Racing Car Builder & Driver
Count Louis Zborowski was born in 1895 in Mayfair, son of a Polish count and racing driver married to an American heiress. His father died in a motor racing accident in France in 1903, and in 1910 his mother purchased the Grade II listed Higham Park near Bridge. She was to live only 3 months longer, leaving the 16 year old Louis alone in the world apart from his £16 million inheritance and 7 acres of Manhattan. By the early 1920s he was building aero-engined cars and racing them with some success. Several of his successful cars acquired the nickname ‘Chitty bang bang’, derived from WWI soldiers’ songs where chitty was the permission to leave camp and bang bang whatever the soldier did with his time off – art galleries, country walks etc (?!). The writer-to-be Ian Fleming as a 12 year old boy saw Zborowski race at Brooklands, and decades later used the name (with an extra chitty added) as the title for a children’s story, popularised in the film that followed in 1968. The Count died in 1924 when his car hit a tree in the Italian Grand Prix at Monza – he was aged only 28. Fleming apparently visited Higham House in the years following the Count’s death, travelling to Dover on the 007 bus. The number had a ring he thought he might use in later novels.
The Canterbury link with the Zborowski story is rather tenuous. He used the local firm Bligh Brothers in St Radigund Street for engineering and body building work on his cars. William Bligh had a wheelwright business in Duck Lane in the mid 19th century, and with his sons William and John, and later with brothers Jasper and Henry, expanded the firm during the 1860s and 1870s into coach building, and into the adjacent Radigund Street premises. The firm also opened a showroom in Sun Street. The arrival of Chitty Bang Bang in the 1920s was not welcome to locals – the noise of the aero-engines was unbearable and the cars were banned from entering the city walls.
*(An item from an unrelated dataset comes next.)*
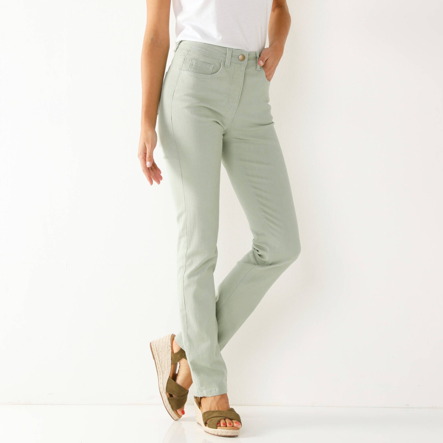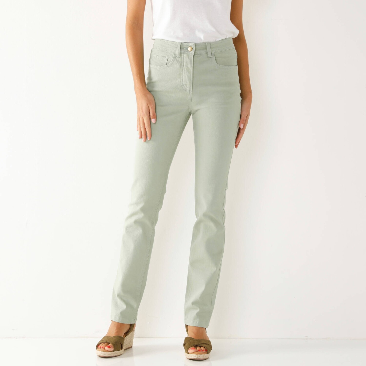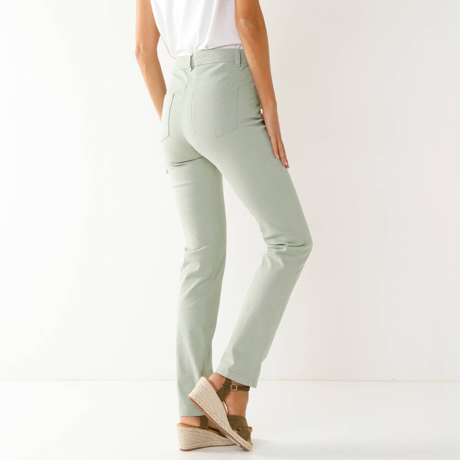 Ви ніколи не помилитеся з брюками прямого крою. Стандартна висота талії. Прямий крій підходить для будь-якої фігури. Петлі для пояса на талії, з регульованою гумкою з боків спереду і ззаду. Внутрішнє регулювання за допомогою еластичної резинки та ґудзика. Посилення талії спереду для ефекту плаского живота. Застібка на блискавку та металевий ґудзик. 2 кишені та кишеня спереду. Піднята задня частина. 2 вшиті кишені ззаду. Сертифікат OEKO-TEX Made In Green. Окрім перевірки декількох сотень хімічних речовин, які сприяють високій безпеці, цей знак гарантує уважне ставлення до принципів виробництва та контрольовану соціальну практику. Можна прати в пральній машині.

The Bligh’s Radigund Street property is now owned by King’s School.
One of Zborowski’s cars, known as Chitty 4 or Babs, has survived in the Pendine Museum of Speed in South Wales. The car was acquired after Zborowski’s death by the Welsh driver Parry Thomas, who died in 1927 on Pendine sands trying to beat Malcolm Campbell’s land speed record of 146 mls/hour. The car lay buried in the sand until 1969 when it was excavated and restored.